Retentions companies underprepared to retain top talent according to research, learning and development identified as critical to keep and attract new staff.

Nearly three quarters of HR directors are concerned about retaining staff when the economy starts to pick up, but only 41 percent have a clear strategy in place to account for top talent moving on to other jobs, according to a research study commissioned by Thales Training and Consultancy. The integrated training services provider polled 100 HR directors across the UK to identify the findings which provide interesting reading for the HR industry. The study acknowledged three areas as critical to retaining staff: clear communication, more flexible working hours and investment in learning and development (L&D) courses.

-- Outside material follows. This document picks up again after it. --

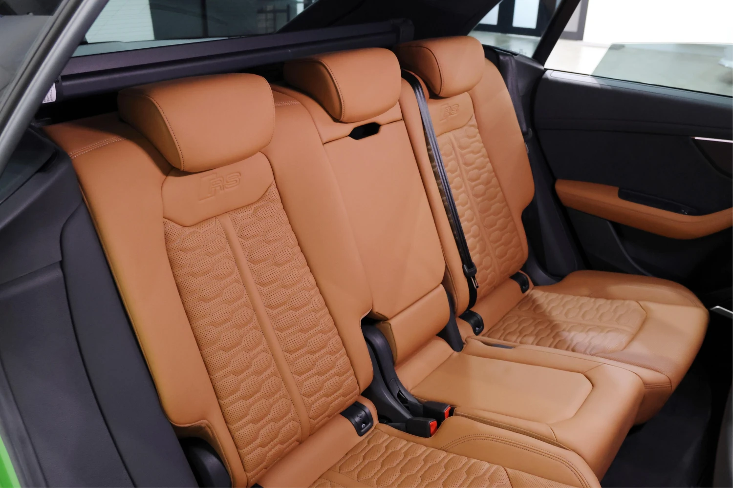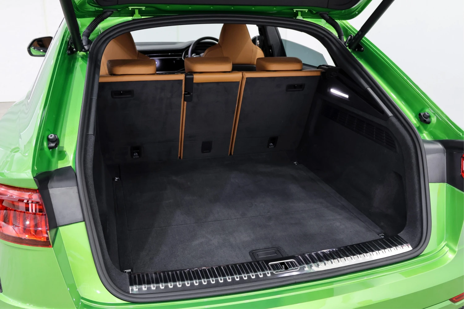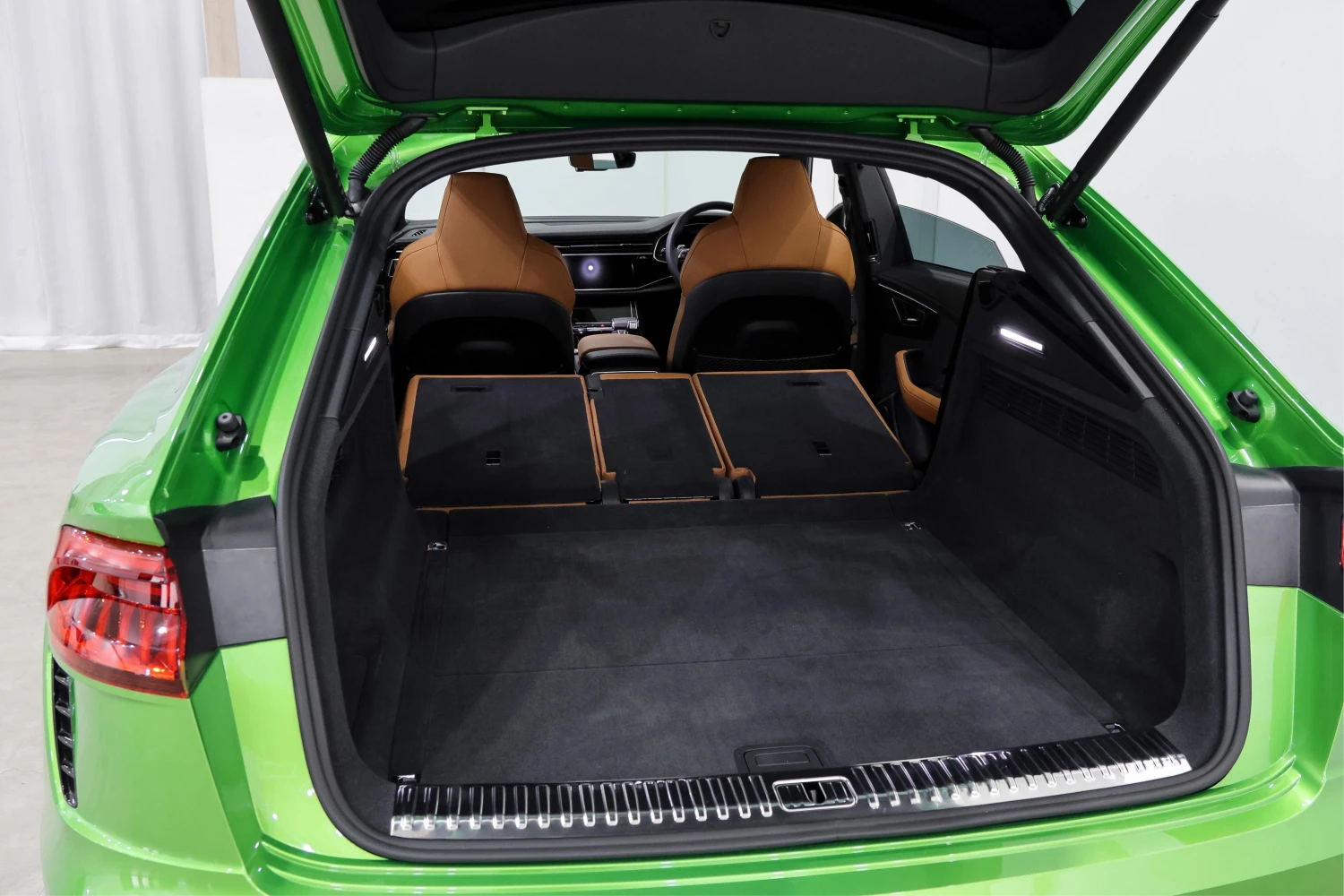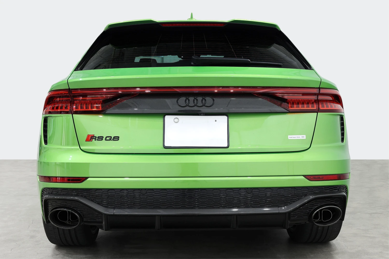 Finished in striking Java Green Metallic, the RS Q8 stands out with its aggressive and sporty design. Adaptive headlights and aluminum wheels complement the bold exterior styling.

When asked specifically about investment and commitment to L&D courses nearly 2/3 (61 percent) of respondents highlighted that their organisation is placing a greater emphasis on learning programmes as a way of keeping top talent, and a staggering 85 percent of those asked stated that investment in L&D influences attracting and retaining new staff. Others complained that economic recovery could lead to staff moving on to competitors (80 percent) and with recruitment costs as a premium this highlighted a worrying trend. “These figures clearly show that in the current economic climate learning and development has become a powerful tool to retain and attract top talent,” comments Rachel Kay, Business Development Director for Thales. She continues, “The study also revealed that despite the clear call for action, nearly half of respondents claimed that L&D investment is not supported at board level.

In times of economic uncertainty it comes as no surprise that budgets will be squeezed and finance diverted to other parts of the business, but these findings should drive the industry into ensuring L&D is fully supported at all levels. After all, 71 percent of HR Directors asked believe it is fundamental to business success.” Despite financial barriers it is clear that the industry takes the role of selecting an L&D provider seriously. Business expectations were high with 77 percent demanding that the training service provider has a good grasp of their business goals and objectives. Being able to offer a bespoke service and show a clear ROI were reaffirmed as being important by 55 percent and 60 percent of respondents respectively.